Study design: Experimental study using circumferential lumbar stenosis (CLS) rat model.
Purpose: To investigate the effect of MLC901 administration on transforming growth factor (TGF)-β1 level and the degree of axonal demyelination in the CLS rat model.
Overview of literature: CLS is common in older adults, causing neuropathic pain that impairs daily functioning. TGF-β1 plays an essential role in nerve regeneration and reducing axonal demyelination in CLS. MLC901, a traditional therapeutic formula, has shown promise in preclinical studies, including modulating proinflammatory cytokines. While MLC901's effect on serum TGF-β1 levels in the CLS rat model has been explored, its impact on tissue TGF-β1 expression remains understudied.

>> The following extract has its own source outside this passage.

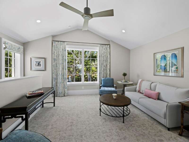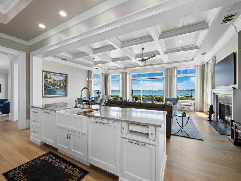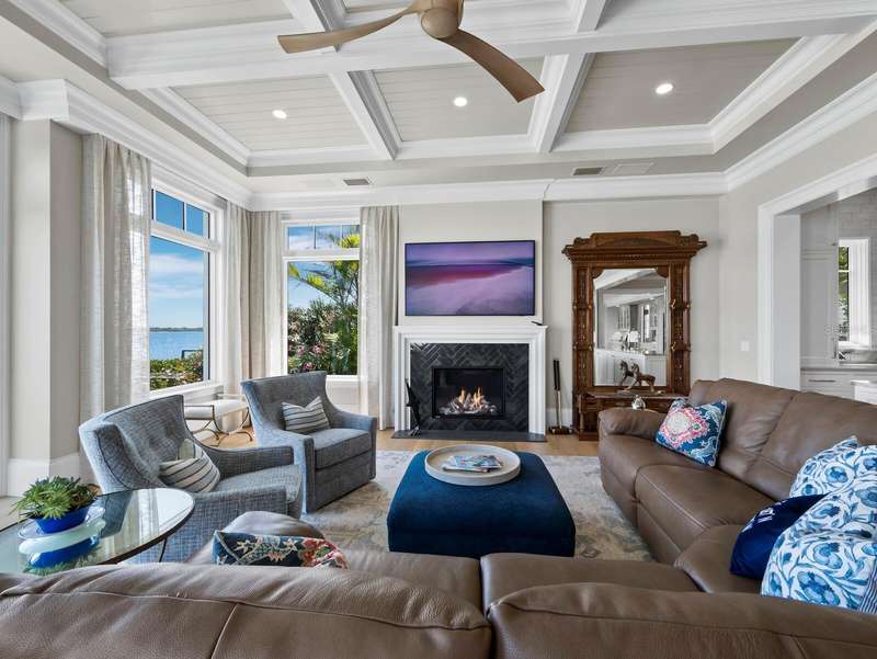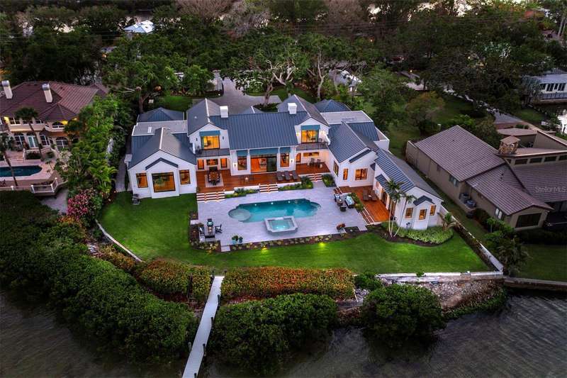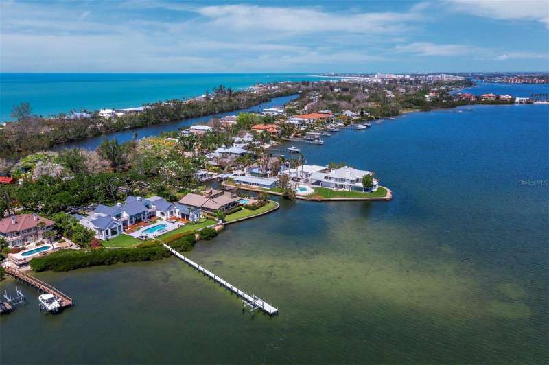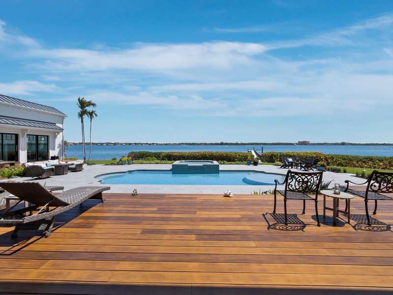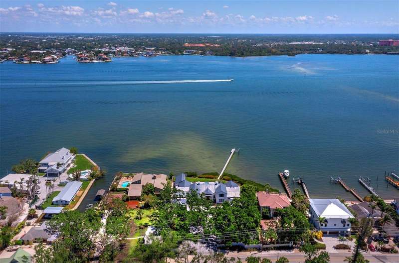 Welcome to one of the most impeccably reimagined residences at 8155 Midnight Pass on the quiet southern end of Siesta Key — a breathtaking bayside coastal estate that artfully blends modern innovation with timeless design. Set on nearly an acre of prime waterfront with 154 feet of shoreline, this gated property offers just under 7,500 square feet of luxurious living area with more than 9,200 total square feet of combined living and entertaining space, recently transformed through a full-scale two-year architectural renovation by Braidenview Architects and Christner Brothers — winners of the 2024 Aurora Grand Award for Best Renovated Home. From the moment you arrive at the gated motor court, you’ll be struck by the serenity of the grand live oaks, artistically designed landscaping, and elegant curb appeal. Inside, the home, with classical proportions, opens to soaring ceilings, DuChateau European oak flooring, and thoughtful details at every turn — from custom cabinetry and designer lighting to Euro-Wall sliders and state-of-the-art automation by Coastal Smart Homes. The heart of the home features multiple expansive living areas, all with views of Little Sarasota Bay and the Intracoastal Waterway from nearly every room, a show-stopping kitchen outfitted with Wolf and Sub-Zero appliances, double islands, and a butler’s pantry make for effortless entertaining. With four bedrooms, 2 of which offer additional sleeping areas in the suites, six baths, a private gym, a large office with two separate workspaces, a sewing/project room, and bespoke closets throughout — every space is both beautiful and functional. Step outside to enjoy a reimagined resort-style pool and new spa, Brazilian IPE decking, and multiple areas to savor sunsets over the Intracoastal Waterway. For boating enthusiasts, there is an impressive 200-foot dock with lift to accommodate a 25’ vessel plus an additional mooring area. Whether hosting a family celebration or simply savoring the coastal breeze, this property is designed for making lasting memories. Plus you are minutes from Siesta Key beach when you want to take a walk and put your toes in the famed quartz-sand as you watch the sun disappear into the horizon. With Sarasota’s vibrant cultural offerings, shopping and dining just moments away, you are all set to enjoy every imaginable amenity for an impressive lifestyle.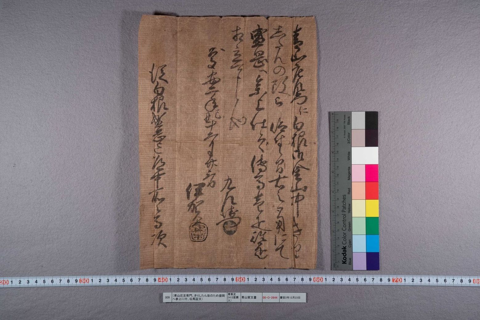(青山庄左衛門、きりしたん改のため盛岡へ参上に付、伝馬証文)

Methods: Rats were randomly allocated into one of six groups: no CLS (baseline), CLS only (pretreatment), short treatment (1 day) with MLC901, short treatment with placebo, longer treatment (7 days) with MLC901, and longer treatment with placebo. The CLS model was induced by laminectomy at the lumbar 5th vertebra, followed by teflon insertion around the dura mater. Serum TGF-β1 levels were measured using enzyme-linked immunosorbent assay. Tissue TGF-β1 expression and the degree of axonal demyelination were assessed by immunohistochemistry and histopathology, respectively.
Results: Long treatment MLC901 group had significantly higher serum TGF-β1 levels than the pretreatment group (p<0.001). Long treatment MLC901 group also exhibited the highest TGF-β1 tissue expression among all treatment groups, including the baseline group (p=0.013). Axonal demyelination was lowest in the long treatment MLC901 group, indicated by the highest number of Schwann cells (p<0.001), the fewest inflammatory cells (except versus baseline) (p=0.001), and the fewest vacuoles (except versus baseline) (p=0.015).
Conclusions: MLC901 can inhibit axonal demyelination in experimental animals undergoing CLS surgery by upregulating TGF-β1 levels. MLC901 has the potential to be used as an adjuvant therapy in CLS surgery.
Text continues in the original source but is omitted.